EXERCISE DIRECTIONS: Leaving out the images, transcribe every record below exactly.

··· RAW DATA

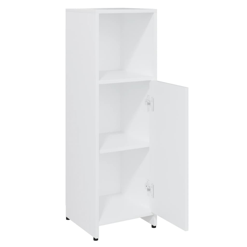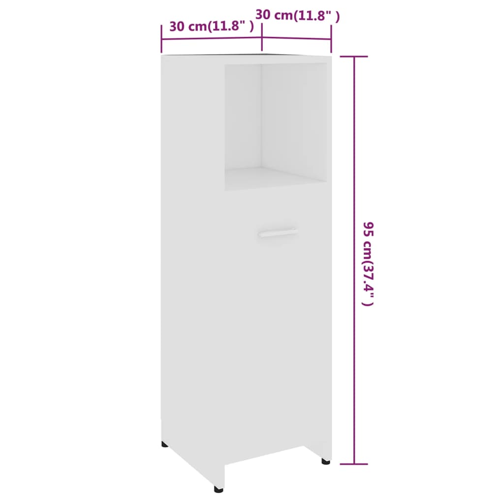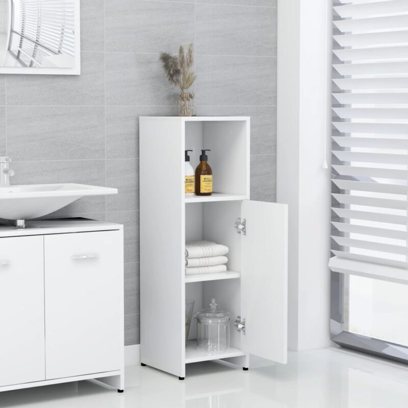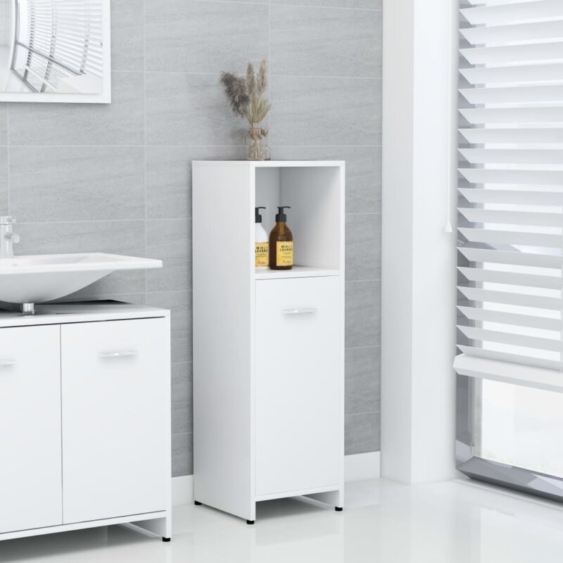 Dotez votre salle d’eau d’une solution de rangement élégante et pratique avec cette armoire de salle de bain Blanc 30x30x95 cm Aggloméré. Dotée d’un design épuré, elle apporte une touche de finesse tout en s’harmonisant avec l’ensemble de votre décoration. Confectionnée en aggloméré de qualité, sa structure garantit durabilité et stabilité. Elle dispose de trois compartiments internes et une porte, multipliant ainsi les possibilités de ranger vos accessoires de toilette et autres indispensables. Grâce à la poignée intégrée, l’accès au contenu de l’armoire est facilité. Un simple coup de chiffon humide suffit pour la maintenir propre et immaculée.
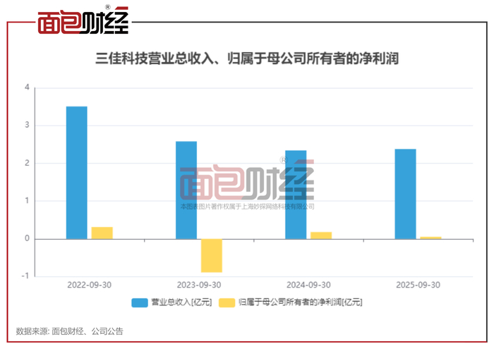 2025年前三季度,三佳科技实现营业总收入2.38亿元,同比增长1.60%;归母净利润为506.09万元,同比下降71.67%;扣非归母净利润328.72万元,同比下降60.42%。
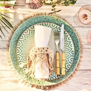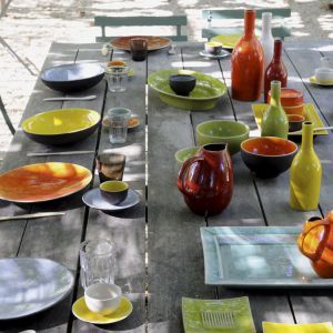 A marier avec de la vaisselle aux liserés colorés ou aux designs exotiques!
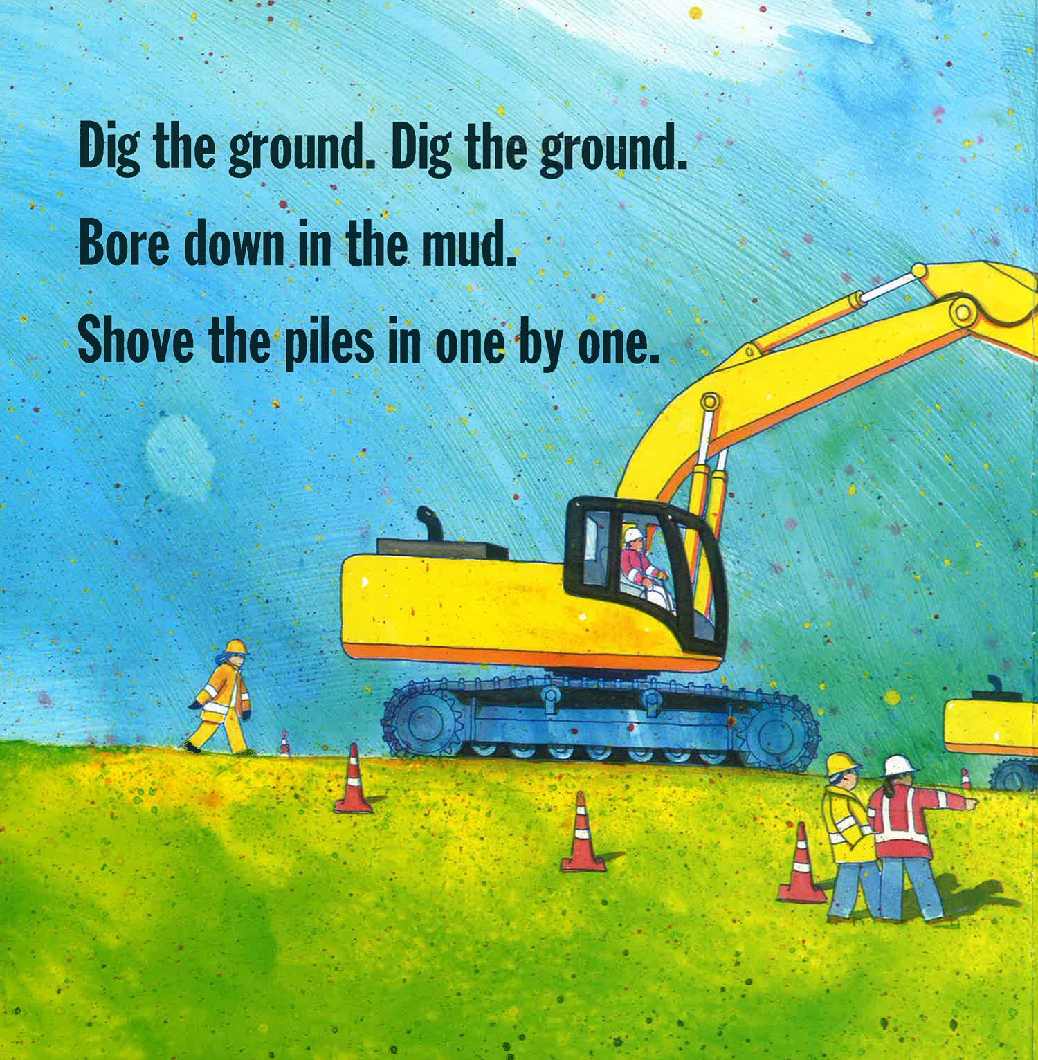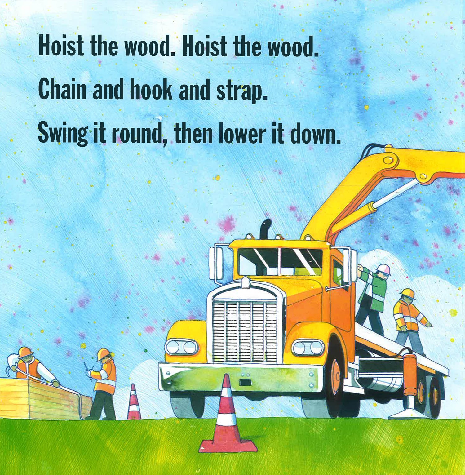 Thonk! Clonk! Clap! The team behind Roadworks and Demolition returns to the building site with another winner for pre-school fans of machines and building sites! Describing all the heaving and hammering involved in building a new library, this book is full of action-packed illustrations, irresistible sound words, and includes a pictorial glossary of all the machines in the book, too.
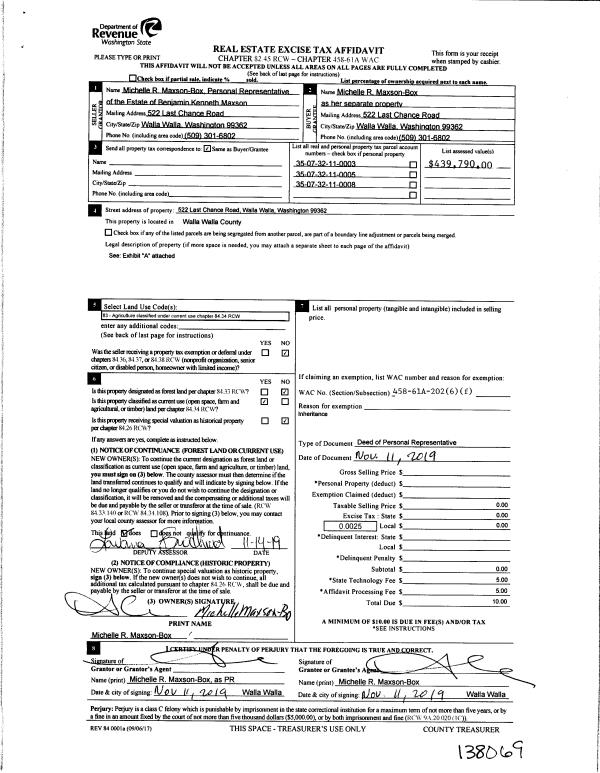 | 1 | 11/14/2019 | DPR | DEED OF PERSONAL REPRESENTATIVE | MAXSON BENJAMIN KENNETH | MAXSON-BOX MICHELLE R | 3 PARCELS | | $0.00 | 138069 | 2019-09374 |
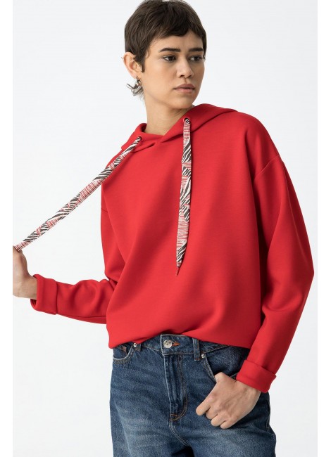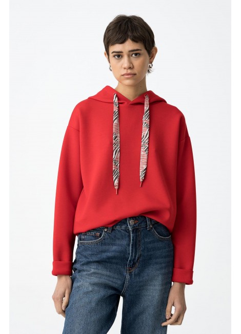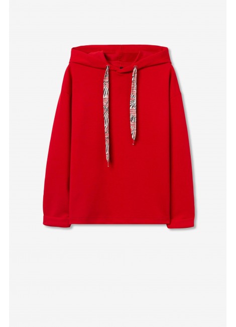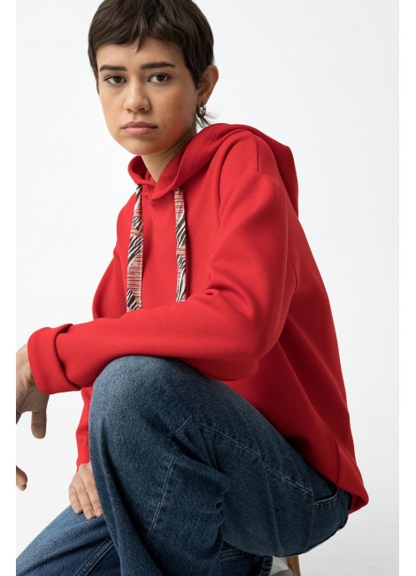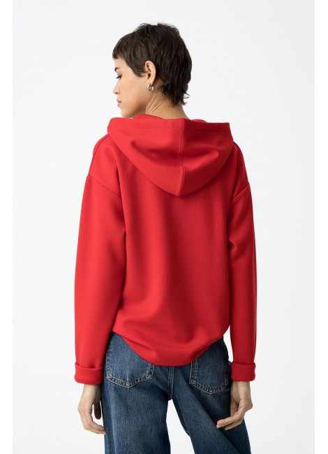 Sudadera con capucha de punto fino, corte relajado, con cordón de raso, manga larga y puños vueltos.
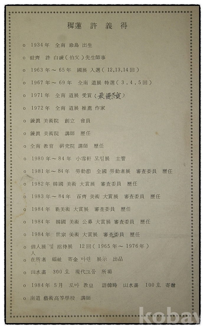 < 의재 허백련 毅齋 許百鍊, 1891-1977) 사사 > 치련[穉蓮] 허의득[許義得]
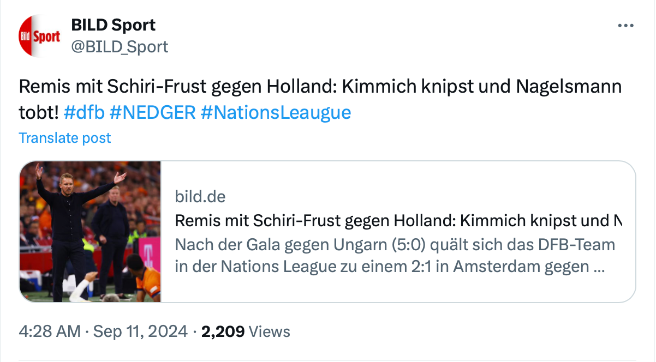 รายงานจาก ‘สปอร์ต บิลด์’ ว่าสี่ผู้เล่นซึ่งรับใหญ่ ‘อินทรีเหล็ก’ อย่างยาวนานแล้วแจ้งรีไทร์หลังสิ้นทัวร์นาเมนต์ ยูโร 2024 ประกอบด้วย โทนี่ โครส, โธมัส มุลเลอร์, อิลคาย กุนโดอาน และ มานูเอล นอยเออร์ ซึ่งจำนวนเกมรับใช้ชาติรวมกัน 451 นัด
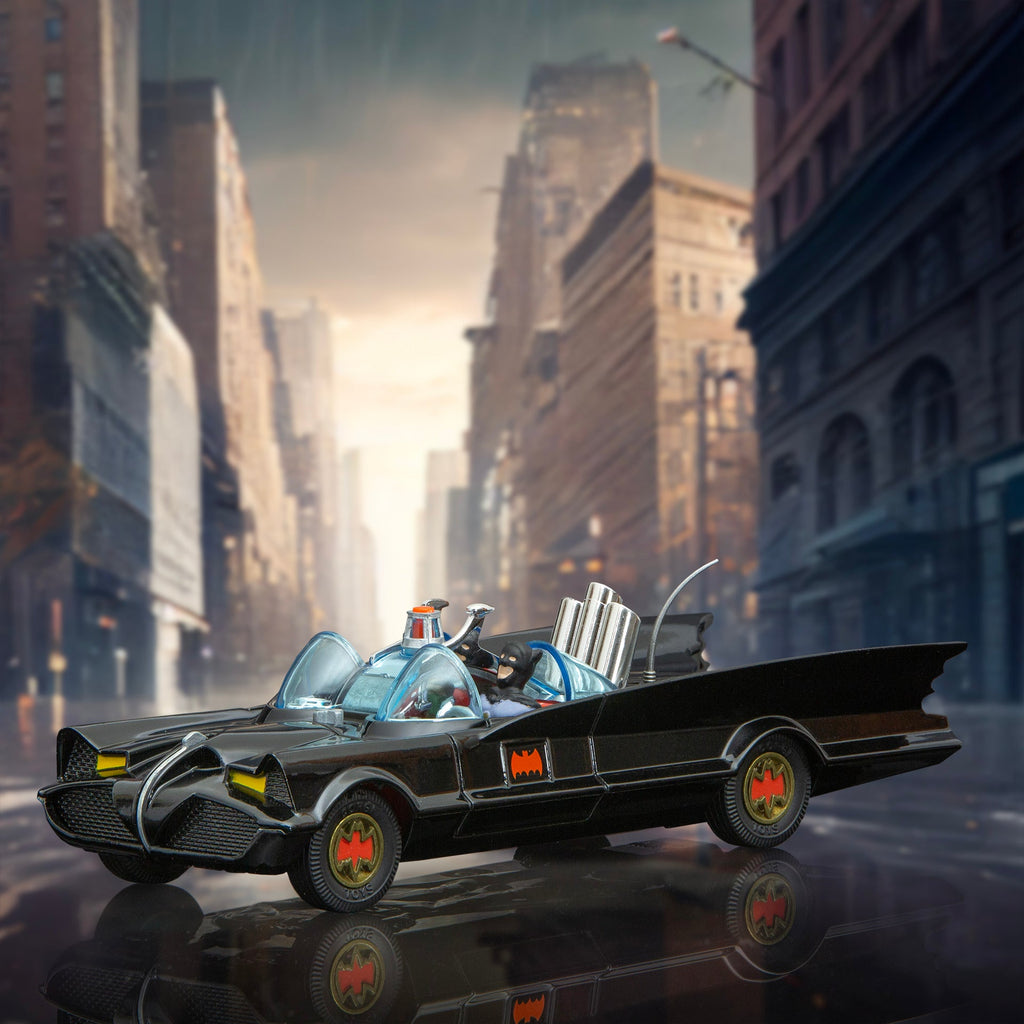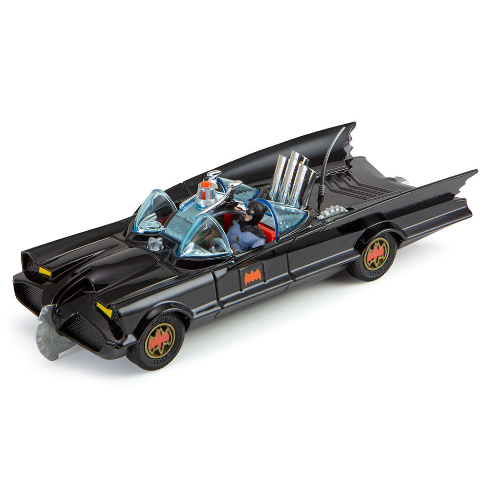 The Batmobile was introduced into the Corgi range after the popularity of the 1966 Batman TV series starring Adam West (as Batman) and Burt Ward (as Robin). With a wealth of features – notably a triple rocket launcher armed with small plastic missiles, a front-mounted pop-out chain cutter and a turbo exhaust flame that pulsed in and out – the model was an instant success and has since achieved legendary status among collectors.
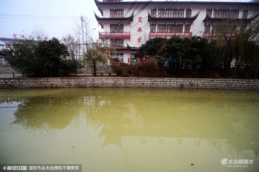 2015年12月10日,山東省濟(jì)南市,在東工商河藥王樓附近,西岸河堤處有一排水口,大量褐色的污水排入河中,河水由原來的碧綠色變成了米黃色,走進(jìn)河岸時(shí)可以聞到刺鼻的臭味。
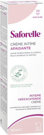 Saforelle Verzachtende Crème werd verrijkt met kliskruid en allantoïne en kalmeert onmiddellijk irritaties en een oncomfortabel gevoel.
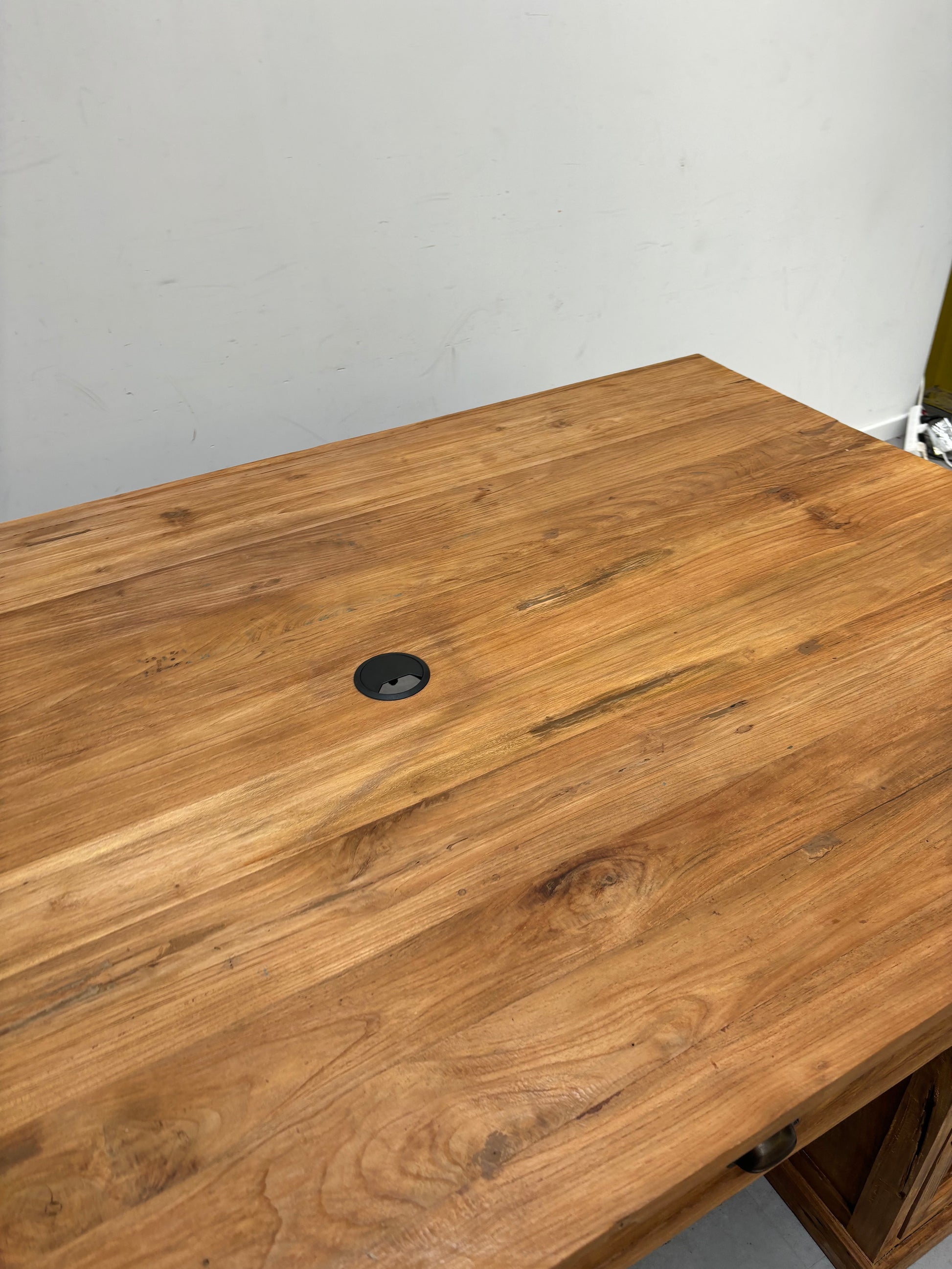 Bureau double face en teck recyclé.
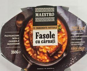 Și produsul „Fasole cu cârnați Maestro” (350 g), vândut în rețelele Profi și Carrefour, a fost retras după ce analizele au arătat prezența unor substanțe neconforme.
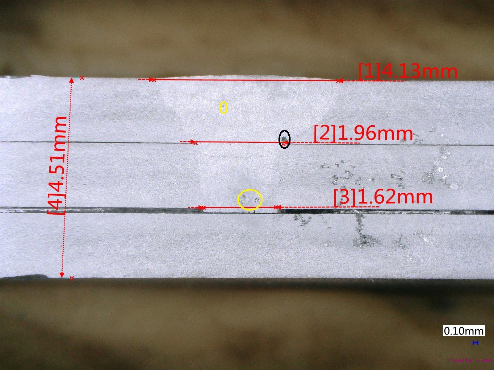 黑圈內是由于試板間隙造成的孔,黃圈內為氣孔
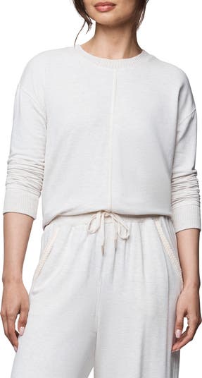 Supersoft ribbed trim gives lived-in comfort to this stretchy sweatshirt that's perfect for lounging around or running errands.

······

RESULT:
 Dotez votre salle d’eau d’une solution de rangement élégante et pratique avec cette armoire de salle de bain Blanc 30x30x95 cm Aggloméré. Dotée d’un design épuré, elle apporte une touche de finesse tout en s’harmonisant avec l’ensemble de votre décoration. Confectionnée en aggloméré de qualité, sa structure garantit durabilité et stabilité. Elle dispose de trois compartiments internes et une porte, multipliant ainsi les possibilités de ranger vos accessoires de toilette et autres indispensables. Grâce à la poignée intégrée, l’accès au contenu de l’armoire est facilité. Un simple coup de chiffon humide suffit pour la maintenir propre et immaculée.
 2025年前三季度,三佳科技实现营业总收入2.38亿元,同比增长1.60%;归母净利润为506.09万元,同比下降71.67%;扣非归母净利润328.72万元,同比下降60.42%。
 A marier avec de la vaisselle aux liserés colorés ou aux designs exotiques!
 Thonk! Clonk! Clap! The team behind Roadworks and Demolition returns to the building site with another winner for pre-school fans of machines and building sites! Describing all the heaving and hammering involved in building a new library, this book is full of action-packed illustrations, irresistible sound words, and includes a pictorial glossary of all the machines in the book, too.
 | 1 | 11/14/2019 | DPR | DEED OF PERSONAL REPRESENTATIVE | MAXSON BENJAMIN KENNETH | MAXSON-BOX MICHELLE R | 3 PARCELS | | $0.00 | 138069 | 2019-09374 |
 Sudadera con capucha de punto fino, corte relajado, con cordón de raso, manga larga y puños vueltos.
 < 의재 허백련 毅齋 許百鍊, 1891-1977) 사사 > 치련[穉蓮] 허의득[許義得]
 รายงานจาก ‘สปอร์ต บิลด์’ ว่าสี่ผู้เล่นซึ่งรับใหญ่ ‘อินทรีเหล็ก’ อย่างยาวนานแล้วแจ้งรีไทร์หลังสิ้นทัวร์นาเมนต์ ยูโร 2024 ประกอบด้วย โทนี่ โครส, โธมัส มุลเลอร์, อิลคาย กุนโดอาน และ มานูเอล นอยเออร์ ซึ่งจำนวนเกมรับใช้ชาติรวมกัน 451 นัด
 The Batmobile was introduced into the Corgi range after the popularity of the 1966 Batman TV series starring Adam West (as Batman) and Burt Ward (as Robin). With a wealth of features – notably a triple rocket launcher armed with small plastic missiles, a front-mounted pop-out chain cutter and a turbo exhaust flame that pulsed in and out – the model was an instant success and has since achieved legendary status among collectors.
 2015年12月10日,山東省濟(jì)南市,在東工商河藥王樓附近,西岸河堤處有一排水口,大量褐色的污水排入河中,河水由原來的碧綠色變成了米黃色,走進(jìn)河岸時(shí)可以聞到刺鼻的臭味。
 Saforelle Verzachtende Crème werd verrijkt met kliskruid en allantoïne en kalmeert onmiddellijk irritaties en een oncomfortabel gevoel.
 Bureau double face en teck recyclé.
 Și produsul „Fasole cu cârnați Maestro” (350 g), vândut în rețelele Profi și Carrefour, a fost retras după ce analizele au arătat prezența unor substanțe neconforme.
 黑圈內是由于試板間隙造成的孔,黃圈內為氣孔
 Supersoft ribbed trim gives lived-in comfort to this stretchy sweatshirt that's perfect for lounging around or running errands.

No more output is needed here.